Hardwired (4 page)

Read Hardwired Online

Authors: Walter Jon Williams

Tags: #Science Fiction, #Comics & Graphic Novels, #Fiction, #General

But still, the red room is nice. There are holograms, colors and helixes like modeled DNA, floating just above eye level, casting their variegated light through the crystal and sparkling liquor held in the patrons’ hands; there are sockets at every table for comp decks so that the patrons can keep up with their portfolios; and there are girls with reconstructed breasts and faces who come to each table in their tight plastic corsets, bring you your drink, and watch with identical and very white smiles as you put your credit needle into their tabulator and tap in a generous tip with your fingernail.

Sarah is ready for the meet with Cunningham, wearing a navy blue jacket guaranteed to protect her against kinetic violence of up to 900 foot-pounds per square inch, and trousers good for 750. She has invested some of the endorphins and bought the time of a pair of her peers. They are walking loose about the bar, ready to keep Cunningham or his friends off her back if she needs it. She knows she needs a clear head and has kept the endorphin dose down. Pain is making her edgy, and she still can’t sit. She stands at a small table and sips her rum and lime, waiting. And then Cunningham is there. Bland face, brown eyes, brown hair, brown suit. A whispery voice that speaks of clean places she has never been, places bright and soft against the black and pure diamond.

“Okay, Cunningham,” she says. “Business.”

Cunningham’s eyes flicker to the mirror behind her. “Friends?” he asks.

“I don’t know you.”

“You’ve called the Hetman?”

She nods. “He was complimentary,” she says, “but you’re not working for him; he’s repaying you a favor, maybe.
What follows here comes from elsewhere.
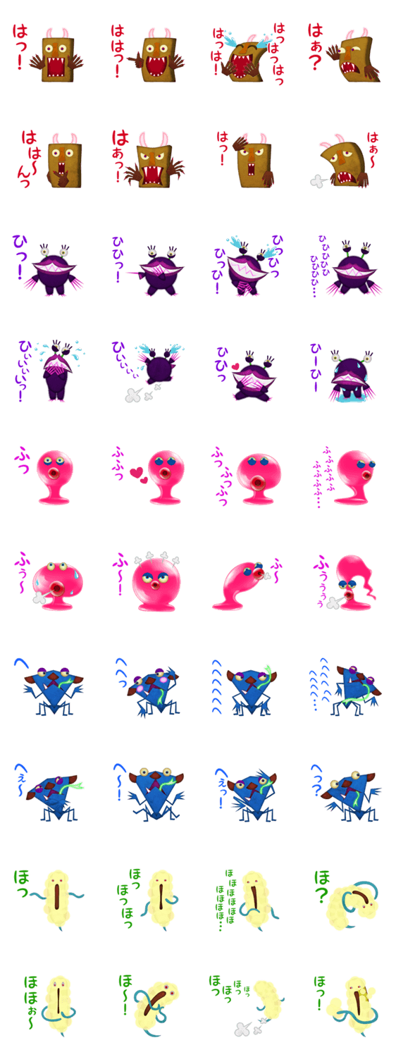 【は行】モンスター ブリッジクリエイト コメントをどうぞ は行「は・ひ・ふ・へ・ほ」だけでわき出る感情を表現したモンスターたちです。「はっ!」そういえば! 「ふぅ~」よかった ……微妙な使い分けで沢山の表現ができます♪ このスタンプどう思う?!↓クリックで投票♪好き (0)かわいい (0)かっこいい (0)おもしろい (0)使いやすそう (0)欲しい (0)萌え (0)ほっこりする (0)おしゃれ (0)ゆるい (0)こわい (0)ウザい (0)キモい (0)ムカつく (0)持ってる (0)癒される (0)セクシー (0)個性的 (0)私は買わない (0)誰かプレゼントして! (0) 購入・プレゼントする Facebookでシェア Twitterでシェア

So I’m cautious.”

“Understandable.” He takes a comp deck out of an inner pocket and plugs it into the table. A pale amber screen in the depths of the dark tabletop lights up, displaying a row of figures. “We’re offering you this in dollars,” he says.

Sarah feels a touch of metal on her nerves, on her tongue. The score, she thinks, the real thing. “Dollars?” she says. ”Get serious.”

“Gold?” Another set of figures appears.

She takes a sip of rum. “Too heavy. ”

“Stock. Or drugs. Take your pick.”

“What kind of stock? What kind of drugs?”

“Your choice.”

“Polymyxin-phenildorphin Nu. There’s a shortage right now.”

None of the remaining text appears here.